Someone once suggested there is nothing new under the sun, and that's certainly true with this week's spate of reports about DLL hijacking attacks in Windows.

This is a well known vulnerability dating back many years. New reports that that specific Microsoft applications fall prey to this vulnerability are not at all surprising (http://tinyurl.com/33btjkh).

Microsoft is quoted by Computerworld (http://tinyurl.com/23ag8kb), saying:

"We're not talking about a vulnerability in a Microsoft product," said Christopher Budd, a senior communications manager with the company's MSRC, or Microsoft Security Response Center. "This is an attack vector that tricks an application into loading an untrusted library."

Assessing this statement requires a brief review of the facts. First, this is a vulnerability driven by the fact that Windows will search in all kinds of places to find a DLL that your application requests to be loaded, if you application is so "unsecure" as to identify that DLL only by file name instead of a fully specified pathname.

Why would applications fail to use a fully specified pathname? One good reason is compatibility: Microsoft DLL's are not consistently in the same location across different versions of Windows! Therefore software striving for compatibility needs to allow Windows to search for the DLL, or search itself. A second reason is simply because Windows allows it and thereby "it's easier".
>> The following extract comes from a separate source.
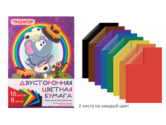 Набор офсетной двусторонней цветной бумаги плотностью 65 г/м2 включает 16 листов формата А4 (200х275 мм) в 8-ми разнообразных и насыщенных однородных цветах. Листы скреплены скобами, легко режутся и сгибаются.
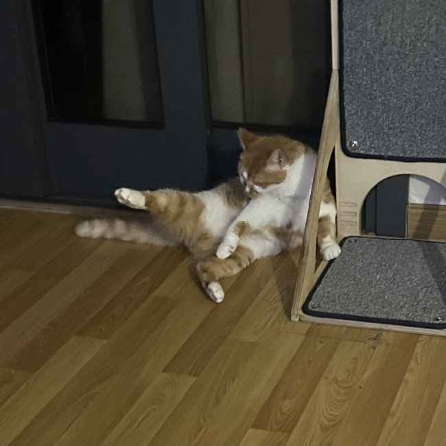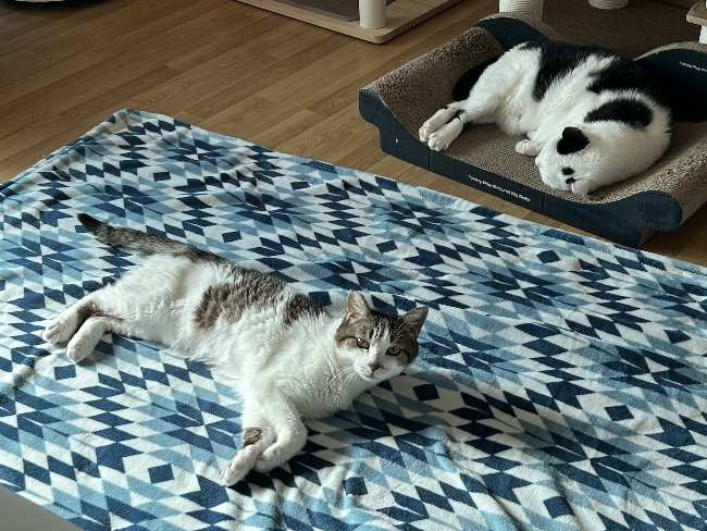 앞다리를 쭉~ 뻗는 시원한 스트레칭 자세를 아주 좋아해요.

Windows first looks for the DLL by name in the current process's current ("working") directory. That's where an attacker can easily load their own replacement DLL under the same DLL name (through a wide variety of means, none legitimate but all relatively easy to perpetrate), if (as is usually the case) the current directory is not where the named DLL resides. The next time the application runs, viola, they have their own software now running on the computer. What can it do? Literally, just about anything, including quickly load other more subtle and pernicious bot-ware, key loggers, system scanners, etcetera.

Can applications operate in a manner to avoid the vulnerability? Yes, they can, but doing so is more complicated for the application developer. The key is to always load a specific DLL in a specific directory using a fully specified pathname. This in turn can create its own application compatibility issues, as any given path name to a system DLL is not guaranteed to be the same from Windows version to version! This is the true heart of the design issue, because any attempt to deal with this multiplicity of DLL locations across Windows versions in a single version of an application requires the application perform a "search" for the DLL across different directories...which is exactly what Windows does automatically for you and which opens up the application to a replacement DLL attack!

We here at Arxan are looking at this problem in an orthogonal manner, by identifying opportunities to validate that the proper DLL was loaded, regardless of its originating location. Those are the kinds of application internal security features we are quite good at. Note the elegance of this kind of solution: it doesn't require any application source code changes (because our technology inserts such checks directly into the binary application code), it creates no new dependencies on Windows specifics such as specific DLL locations in this or that version of Windows, and it is a security solution that migrates with the application itself.

To end with another ancient aphorism, if you want a job done, best to do it yourself. If you want your applications secure, don’t trust in the operating system to provide that security: secure your applications yourself!